Ese espacio de wellness funciona como una prolongación natural del lenguaje clásico de la vivienda. No se trata solo de una piscina cubierta: la secuencia de arcos, la blancura de los paramentos y la estructura de vidrio sobre la lámina de agua convierten la estancia en una sala arquitectónica con otra escala. Desde ciertos ángulos, el techo de cristal deja ver la geometría del espacio y hace más visible la relación entre la piscina y la vivienda principal. La casa de campo clásica con piscina interior gana así una segunda escena interior, más abierta y más luminosa.
Un jardín formal con estanque que alarga la mirada
Fuera, el jardín formal con estanque cambia el registro de nuevo. La pieza de agua es larga y estrecha, colocada en el eje del terreno para reflejar la casa y el cielo en una sola línea. A ambos lados, el pavimento trazado con precisión acompaña la lámina de agua sin competir con ella. La escena se construye por simetría y por reflejo, y esa combinación hace que el jardín parezca más profundo de lo que es. El estanque no funciona como adorno aislado; organiza la perspectiva.
En las vistas más abiertas, los árboles y la plantación en torno al agua suavizan el trazado duro de las losas, pero el dibujo principal sigue siendo exacto. La casa queda al fondo como referencia de escala, mientras la longitud del estanque guía la vista hacia el centro del conjunto. Es un jardín que se entiende caminándolo y mirándolo desde lejos al mismo tiempo. El pavimento, los bordes rectos y la continuidad del agua cierran el recorrido con una claridad poco ruidosa.
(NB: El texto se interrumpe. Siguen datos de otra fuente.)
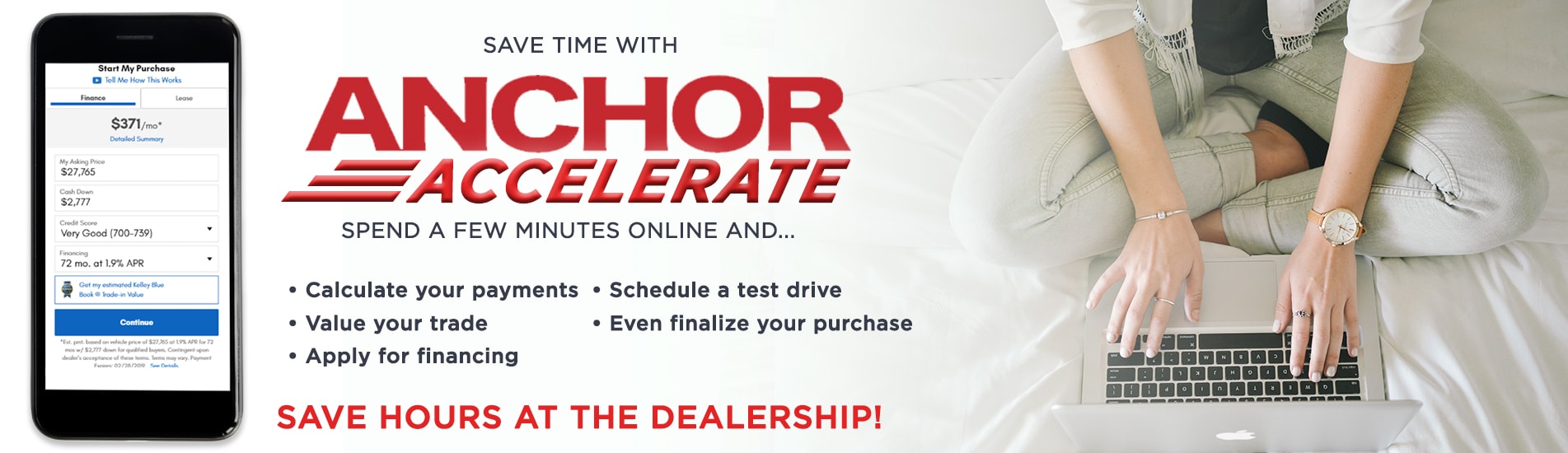 At Anchor Nissan, You are our top priority, which is why we now offer Anchor Accelerate, The 24/7. Quick. Convenient and simple way to shop for your next vehicle. Browse our new or used inventory until you find the right vehicle. Then, right from your couch, you can calculate the right payment for you, get the value of your trade, apply for financing, schedule a test drive and Even finalize your purchase.This process saves you hours at the dealership. It eliminates the unnecessary haggling at the dealership. You get to build out every step of your car purchase right from the comfort of your home. What could be easier!

Cómo se enlazan el interior y el exterior
Lo más interesante de este proyecto es la forma en que el interior y el exterior comparten recursos: arcos, ejes, reflejos y una preferencia clara por las líneas que ordenan el espacio. La fachada simétrica encuentra su eco en el jardín formal con estanque; la cocina con isla y cubierta de cristal aporta un centro doméstico más abierto; la piscina interior con techo de cristal prolonga ese mismo interés por la luz cenital. Todo vuelve, de una estancia a otra, a la misma idea de composición. Cambian los usos, pero no el modo de mirar.
Por eso la casa de campo clásica con piscina interior no se lee como una suma de habitaciones aisladas. Se entiende como una secuencia de umbrales, superficies y ejes visuales. El arco de una ventana, el borde de la isla, el espejo del agua y la lámpara de araña en el techo trabajan cada uno a su escala. El resultado es una vivienda donde la imagen exterior, el corazón interior y el jardín comparten una misma disciplina espacial, visible en cada fotografía del proyecto.